[Problem]:
Would you reproduce exactly the lines below from the one holding "Musselmalet Riflet julekuglen" through the one holding "Фарфоровое блюдо для", inclusive, and no others?

[Material shown]:
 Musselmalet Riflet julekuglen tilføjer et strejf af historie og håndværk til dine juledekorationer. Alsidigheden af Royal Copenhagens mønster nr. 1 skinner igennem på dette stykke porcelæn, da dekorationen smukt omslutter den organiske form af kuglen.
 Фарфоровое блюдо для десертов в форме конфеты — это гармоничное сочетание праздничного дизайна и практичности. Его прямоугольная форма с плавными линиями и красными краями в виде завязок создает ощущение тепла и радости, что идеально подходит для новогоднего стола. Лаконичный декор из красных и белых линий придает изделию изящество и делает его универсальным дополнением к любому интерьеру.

==

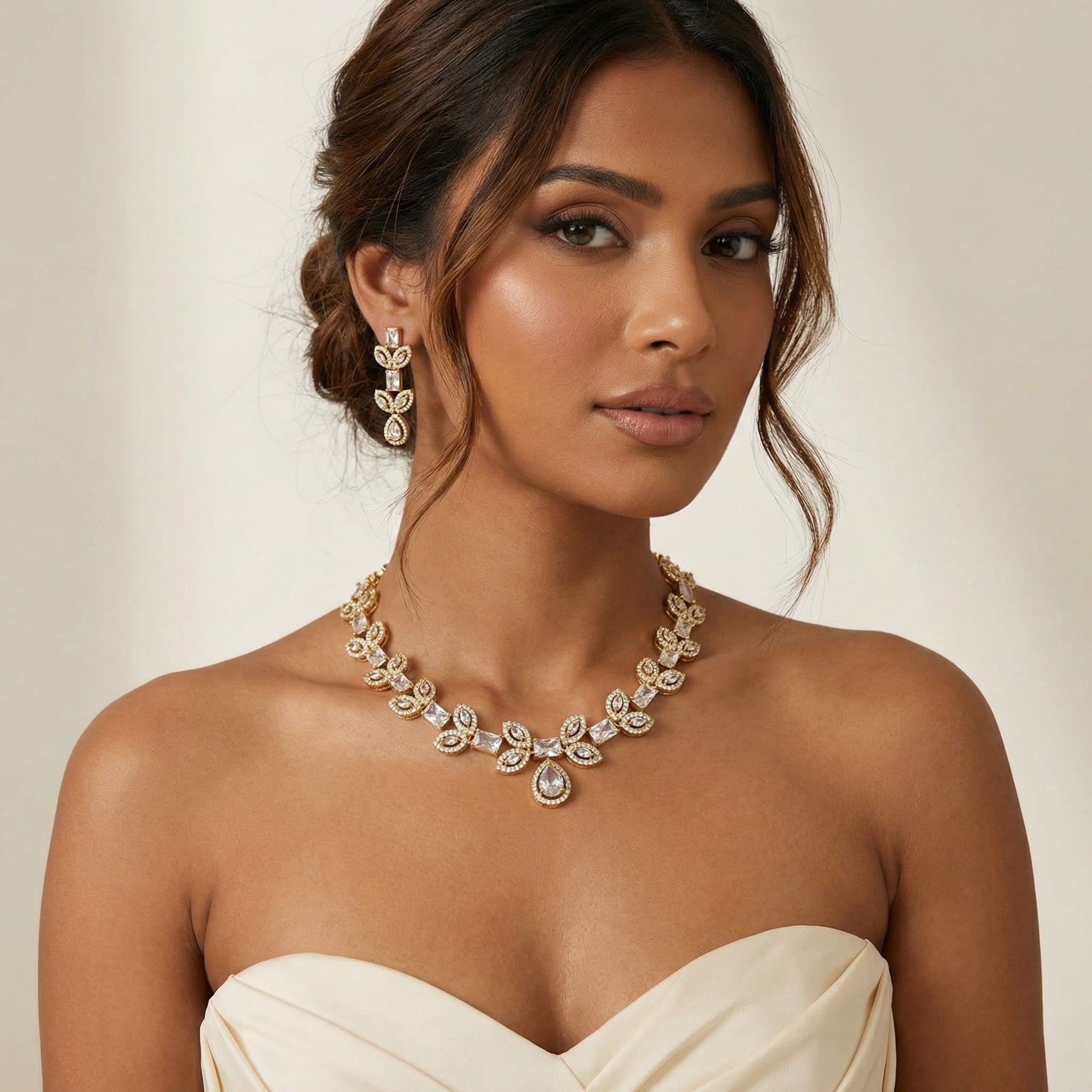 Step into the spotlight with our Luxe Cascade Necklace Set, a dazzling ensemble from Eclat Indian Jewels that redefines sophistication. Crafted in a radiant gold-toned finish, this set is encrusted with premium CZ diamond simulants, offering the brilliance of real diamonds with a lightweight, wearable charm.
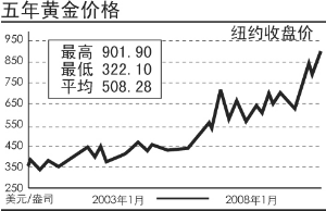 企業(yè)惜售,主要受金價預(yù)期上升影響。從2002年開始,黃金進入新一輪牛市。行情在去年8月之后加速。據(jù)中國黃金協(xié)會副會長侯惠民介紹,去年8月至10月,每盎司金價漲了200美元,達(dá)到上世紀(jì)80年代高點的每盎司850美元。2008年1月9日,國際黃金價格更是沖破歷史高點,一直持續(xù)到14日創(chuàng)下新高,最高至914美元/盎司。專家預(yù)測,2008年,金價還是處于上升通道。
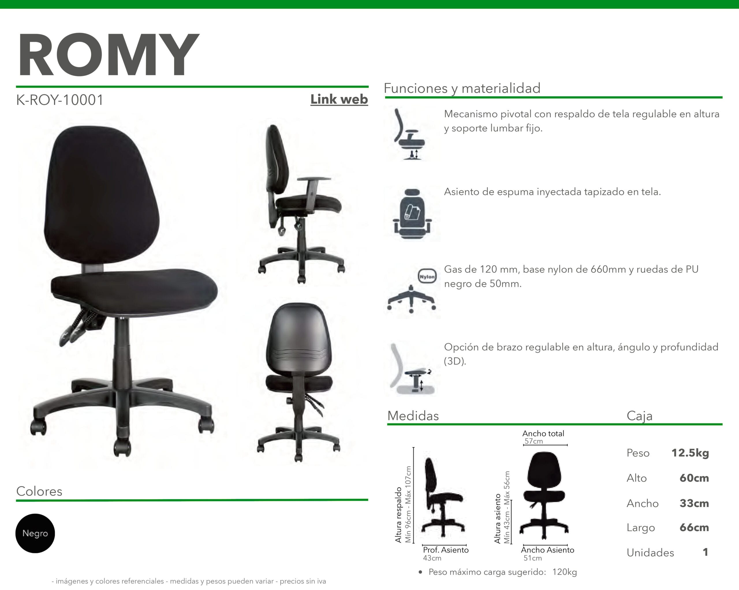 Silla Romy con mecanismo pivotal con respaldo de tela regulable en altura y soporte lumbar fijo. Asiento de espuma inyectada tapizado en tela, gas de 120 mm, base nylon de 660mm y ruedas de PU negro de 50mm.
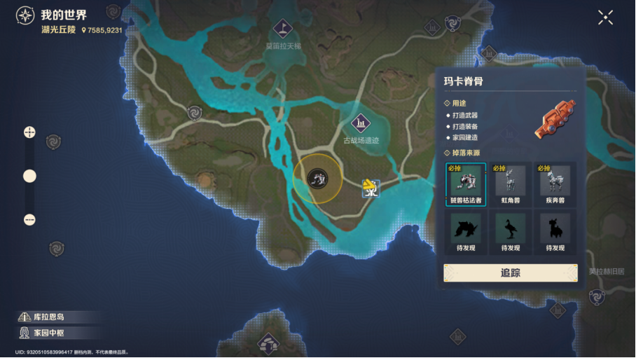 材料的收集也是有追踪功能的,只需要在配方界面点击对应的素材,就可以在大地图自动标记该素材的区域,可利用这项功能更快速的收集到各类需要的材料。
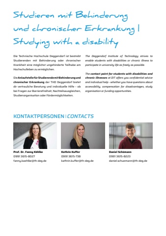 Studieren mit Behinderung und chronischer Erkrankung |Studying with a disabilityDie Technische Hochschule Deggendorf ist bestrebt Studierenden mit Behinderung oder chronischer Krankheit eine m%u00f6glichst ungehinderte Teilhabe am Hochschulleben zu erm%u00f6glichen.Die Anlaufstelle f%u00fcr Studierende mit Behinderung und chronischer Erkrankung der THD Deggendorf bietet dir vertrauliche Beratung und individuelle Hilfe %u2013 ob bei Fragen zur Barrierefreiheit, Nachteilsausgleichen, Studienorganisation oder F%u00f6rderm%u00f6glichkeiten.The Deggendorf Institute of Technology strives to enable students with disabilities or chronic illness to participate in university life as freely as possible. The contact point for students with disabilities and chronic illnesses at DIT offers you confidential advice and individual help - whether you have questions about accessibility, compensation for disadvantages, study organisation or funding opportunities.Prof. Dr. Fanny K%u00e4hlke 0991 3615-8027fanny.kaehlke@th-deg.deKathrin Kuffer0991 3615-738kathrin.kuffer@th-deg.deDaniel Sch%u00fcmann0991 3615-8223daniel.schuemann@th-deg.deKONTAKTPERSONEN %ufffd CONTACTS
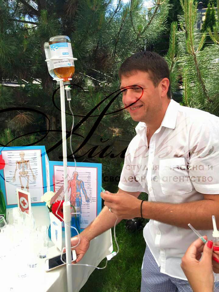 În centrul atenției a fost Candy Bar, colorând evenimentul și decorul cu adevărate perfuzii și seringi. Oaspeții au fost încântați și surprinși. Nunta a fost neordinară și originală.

...

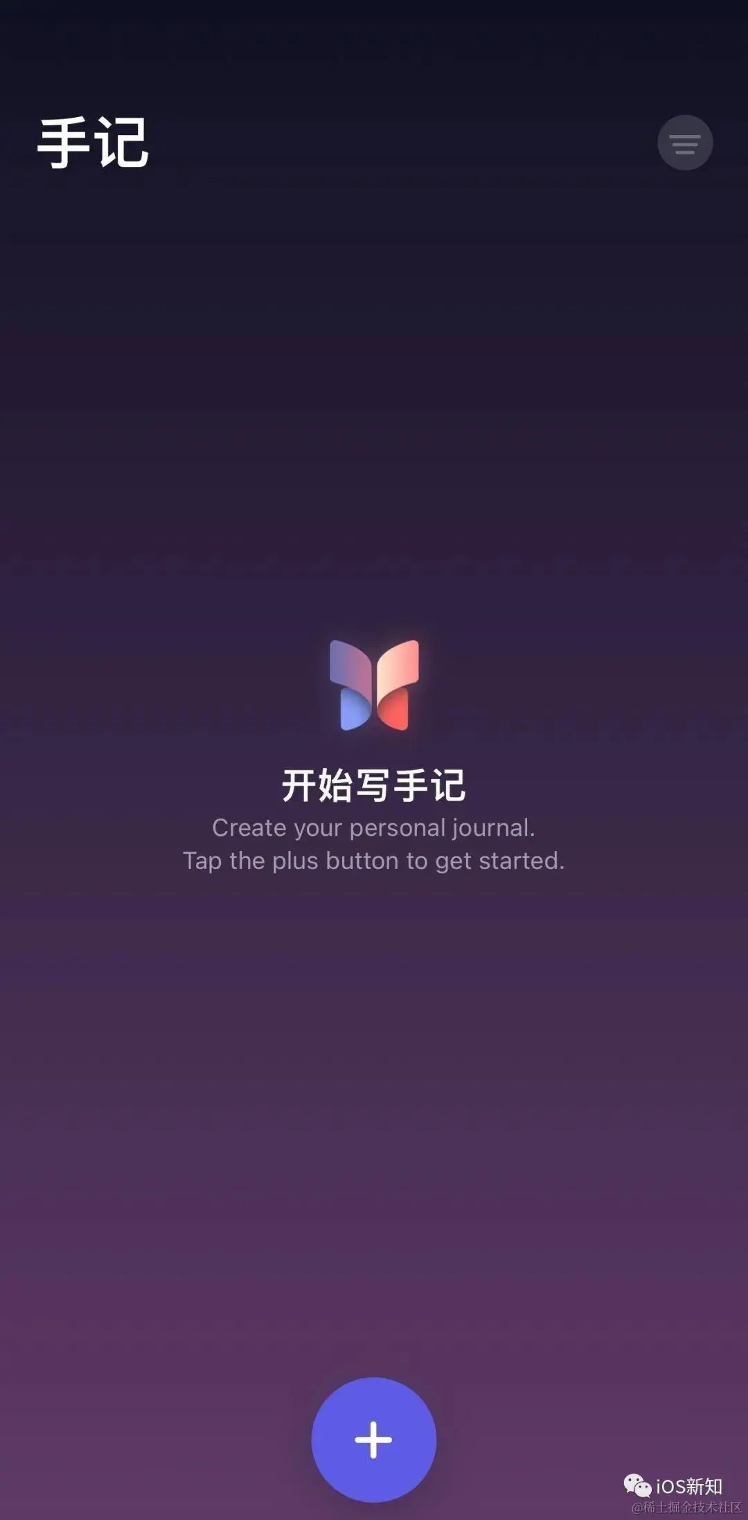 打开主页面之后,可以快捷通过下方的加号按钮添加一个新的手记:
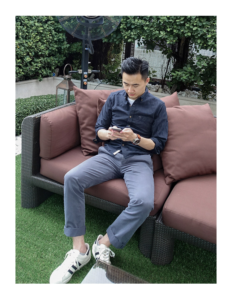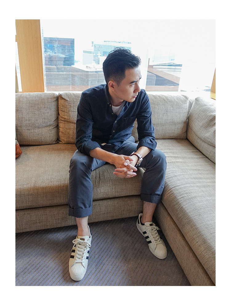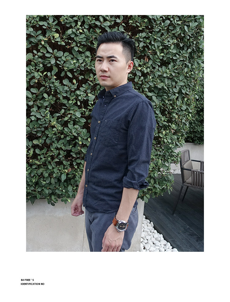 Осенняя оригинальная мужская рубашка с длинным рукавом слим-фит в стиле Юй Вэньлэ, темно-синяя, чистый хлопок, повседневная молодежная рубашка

[Finished exercise]:
 Musselmalet Riflet julekuglen tilføjer et strejf af historie og håndværk til dine juledekorationer. Alsidigheden af Royal Copenhagens mønster nr. 1 skinner igennem på dette stykke porcelæn, da dekorationen smukt omslutter den organiske form af kuglen.
 Фарфоровое блюдо для десертов в форме конфеты — это гармоничное сочетание праздничного дизайна и практичности. Его прямоугольная форма с плавными линиями и красными краями в виде завязок создает ощущение тепла и радости, что идеально подходит для новогоднего стола. Лаконичный декор из красных и белых линий придает изделию изящество и делает его универсальным дополнением к любому интерьеру.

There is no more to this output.